Song by Rush

from the album Signals
- Released: September 9, 1982
- Recorded: 1982
- Genre: Progressive rock
- Length: 4:47
- Label: Anthem
- Songwriters: Geddy Lee; Alex Lifeson; Neil Peart;
- Producers: Rush, Terry Brown

Rush singles chronology
| "Subdivisions" (1982) | "The Analog Kid" (1982) | "The Weapon" (1982) |

= The Analog Kid =

"The Analog Kid" is a song by the Canadian progressive rock band Rush from their 1982 album Signals. It reached number 19 on the Mainstream Rock chart.

"The Analog Kid" is a moderately fast song and was originally written in the key of A major. It’s played in common time.

==Recording==
The song originates from when the band stayed at Virgin Gorda in the British Virgin Islands in January 1982, travelling on a yacht that was named Orianda.

Drummer and lyricist Neil Peart wrote the lyrics for the song at first as a companion piece to "Digital Man", a song that Rush had started working on in late 1981, and presented it to bassist Geddy Lee. Peart and Lee talked about what could be done with the lyrics in a musical sense. They eventually decided on the opposite on what the words may suggest, with Peart describing the track as "a very up-tempo rocker, with some kind of a dynamic contrast for the choruses".

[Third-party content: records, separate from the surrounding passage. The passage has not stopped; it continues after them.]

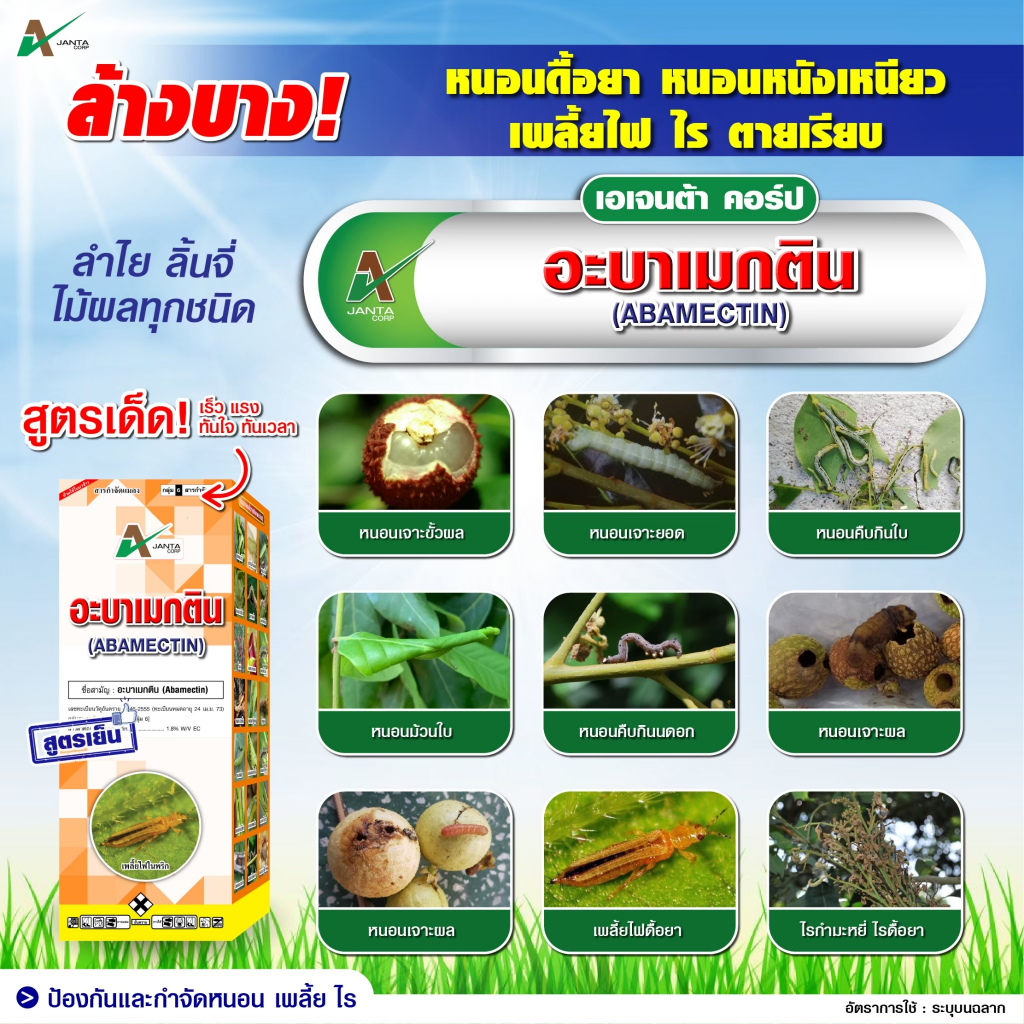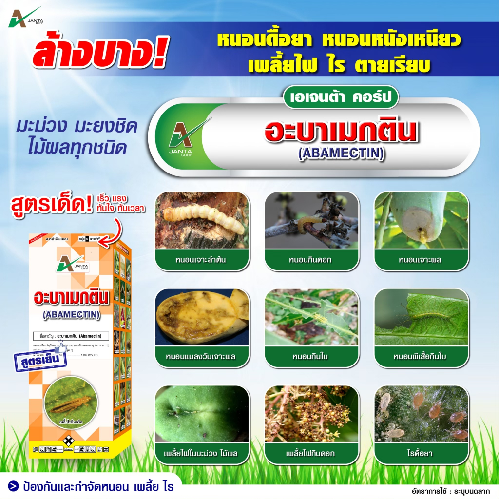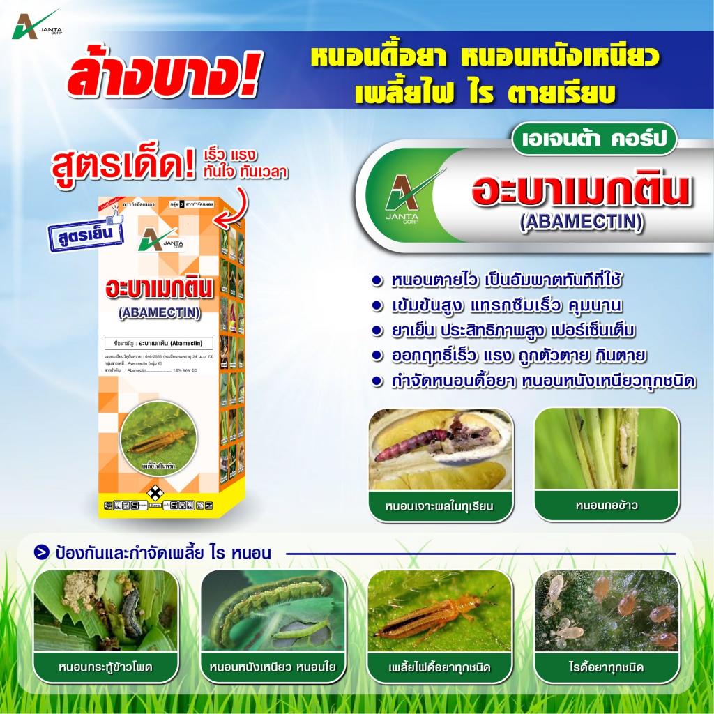 อะบาเมกติน ยาหนอน กำจัดหนอนชอนใบ เพลี้ยไฟ หนอนเจาะ หนอนดื้อยา เอเจนต้า คอร์ป (1 ลิตร)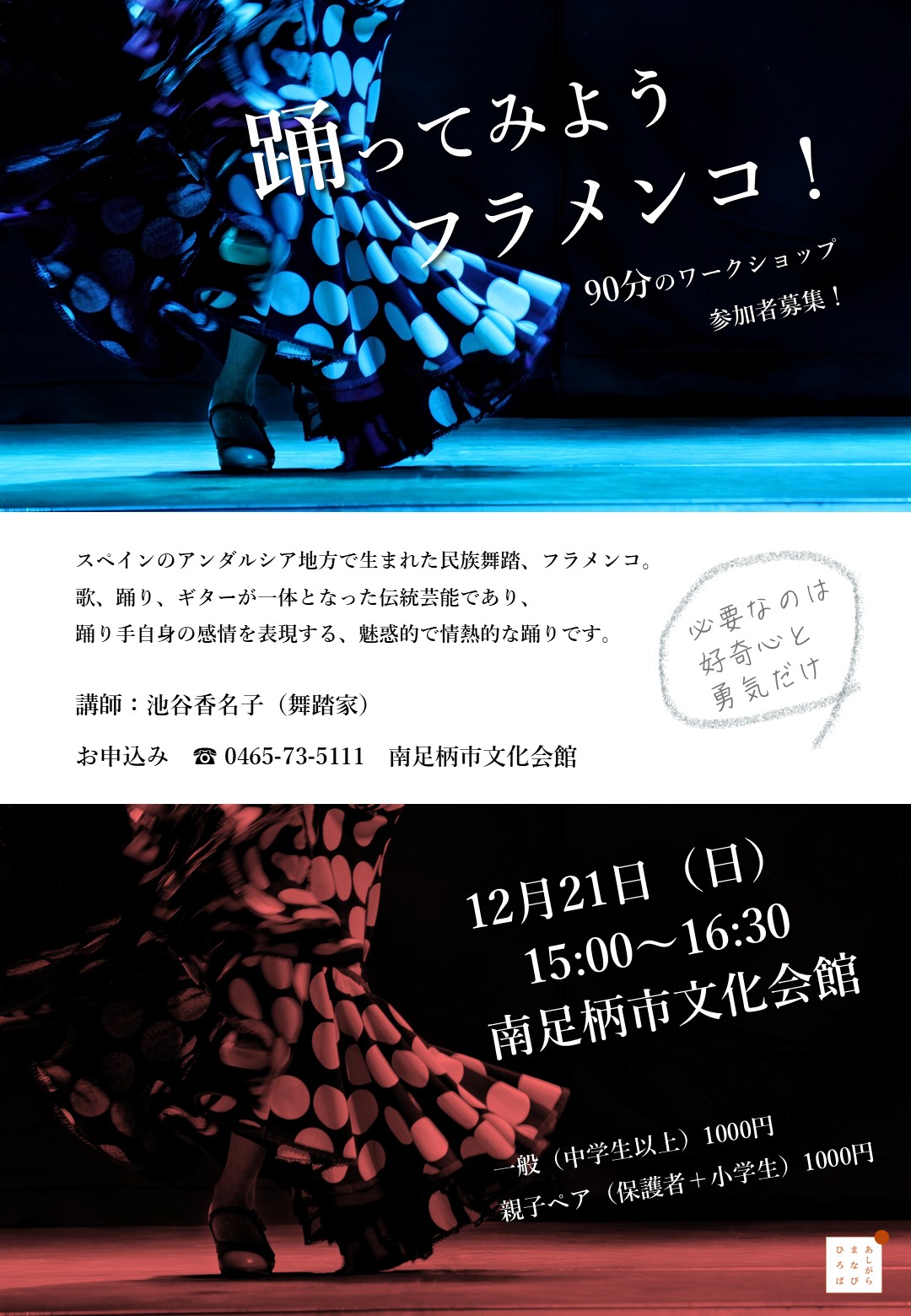 【日にち】12月21日(日)【時間】15:00~16:30【会場】南足柄市文化会館 【参加費】一般(中学生以上)1,000円、親子ペア(保護者+小学生)1,000円【講師】池谷香名子(舞踏家)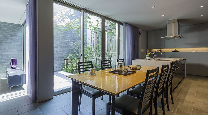 外からの視線や音を遮りながら、光や緑を取り込む中庭は、小さな森のような潤いをもたらす。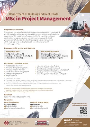Students may pursue their studies either on a full-time or part-time mode. Students enrolling in the full-time mode are recommended to complete 7 subjects and a dissertation. For the part-time mode, the first year emphasizes project management processes and techniques, providing students with contemporary and in-depth knowledge of project management. This is supplemented by insights into the major factors that affect real estate development. In the second year, elements such as value management, finance and international construction provide specialized knowledge of construction project management at the macro level.

Peart said the song was his first attempt at non-fiction: "For the longest time I stepped into characters until I had my own confidence and technique to be able to step outside them as a writer."

==In popular culture==
"The Analog Kid", along with "Digital Man" (another song from the album) served as the inspiration for the writer Troy Hickman to create the comic book heroes of the same names in the 2004 comic Common Grounds.

==Reception==
Greg Prato of AllMusic, in a review for the album, said that the song was an example that Rush did not forget to "rock out" after adding synthesizers to their sound.

In 2016, Prog wrote that it was the 7th best Rush song from the 1980s.

Classic Rock readers voted "The Analog Kid" the band's 24th best song.